Typical video study on his own, of course, could have shown Bowen what Horned Frogs quarterback Kenny Hill, receiver KaVontae Turpin and running backs Darius Anderson, Kyle Hicks and Sewo Olonilua have done to propel the team to 41.3 points and 464.8 yards per game. But Bowen also prepared for the Jayhawks’ nationally-televised road challenge at No. 4 TCU (7 p.m.

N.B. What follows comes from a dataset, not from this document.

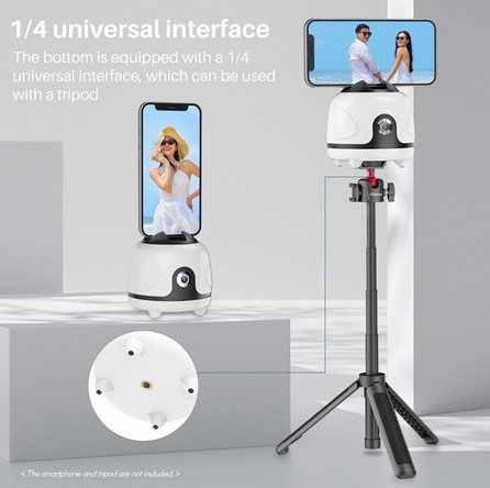 ▶【Wide Compatibility】Comes with a standard ¼" interface at the bottom, you can take your pocket-sized face tracking phone holder anywhere, and record every moment to mount it to your tripod or other devices via standard ¼" screw thread. This phone holder could work. The mounting design allows you to use it with any size cell phone. Perfect for iPhone or Android.
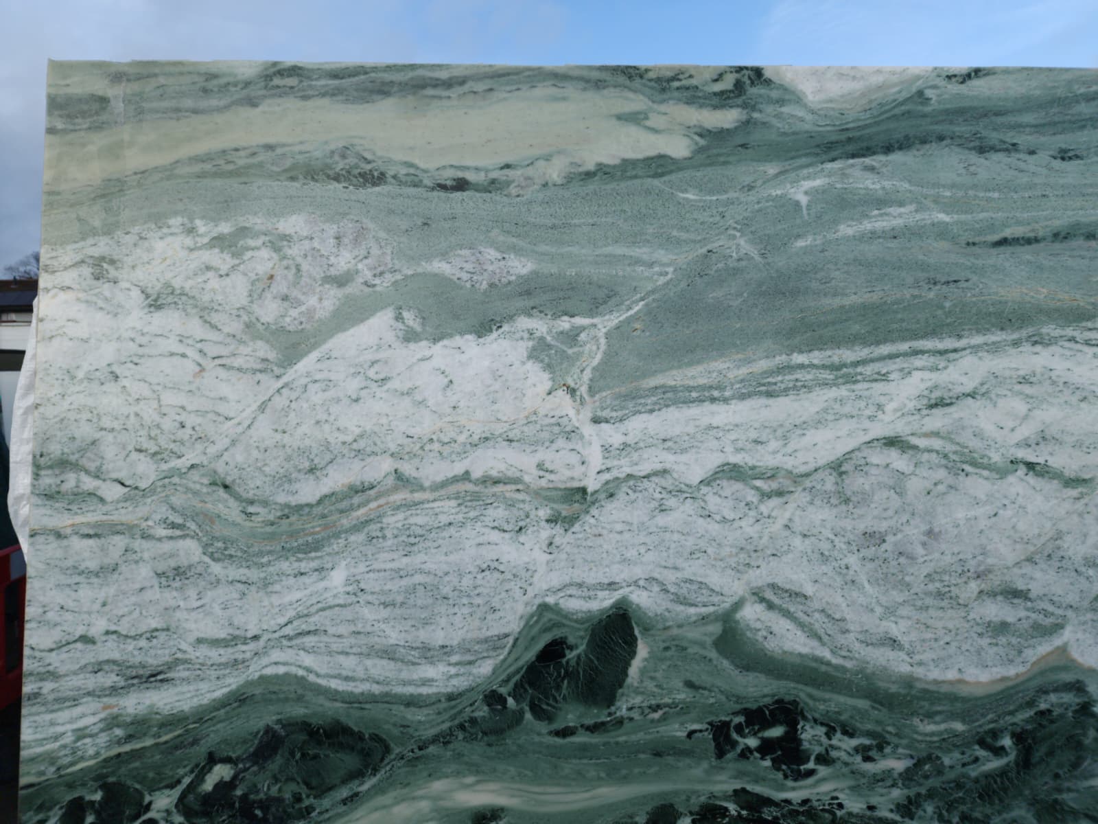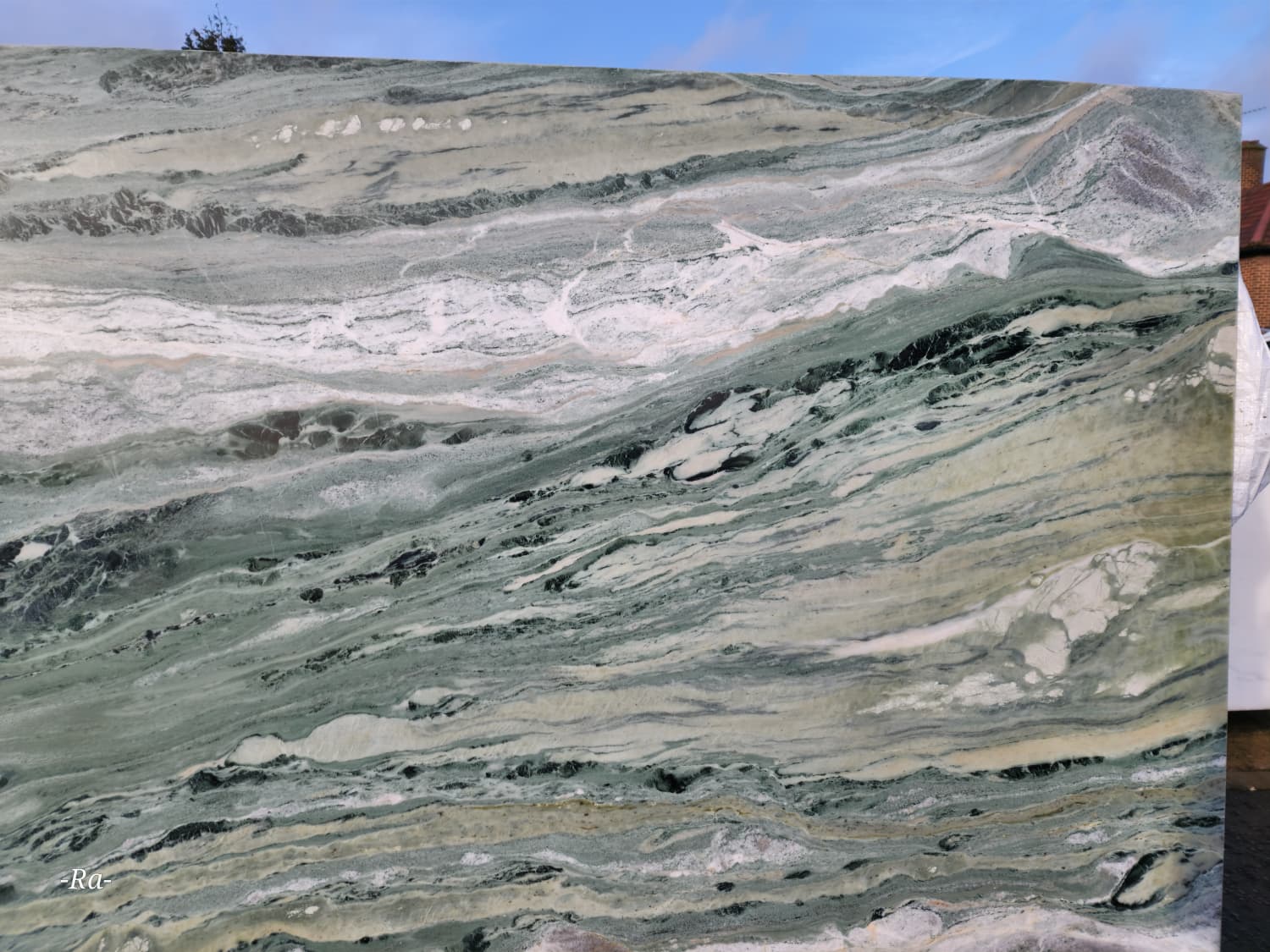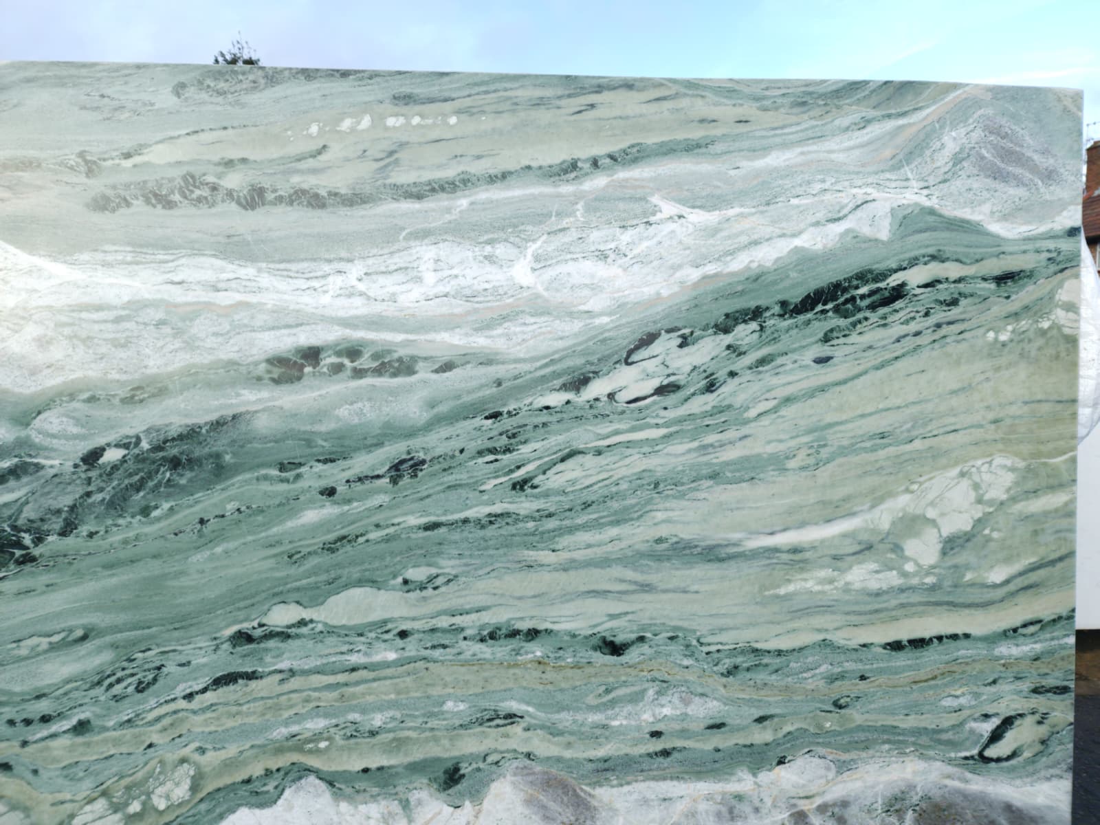 Quarried in China — known for expressive, high‑character green marbles

Saturday, on FOX) by picking the brain of KU offensive coordinator Doug Meacham, who spent the previous three seasons as co-coordinator and inside receivers coach with the Frogs.

Bowen said Meacham’s familiarity with TCU’s offensive personnel “across the board” proved beneficial.

“That’s always good, because you can find out about each particular player — what they are good at, what they aren’t good at, what the coaches think of them, what positions they’re going to put them in,” Bowen said.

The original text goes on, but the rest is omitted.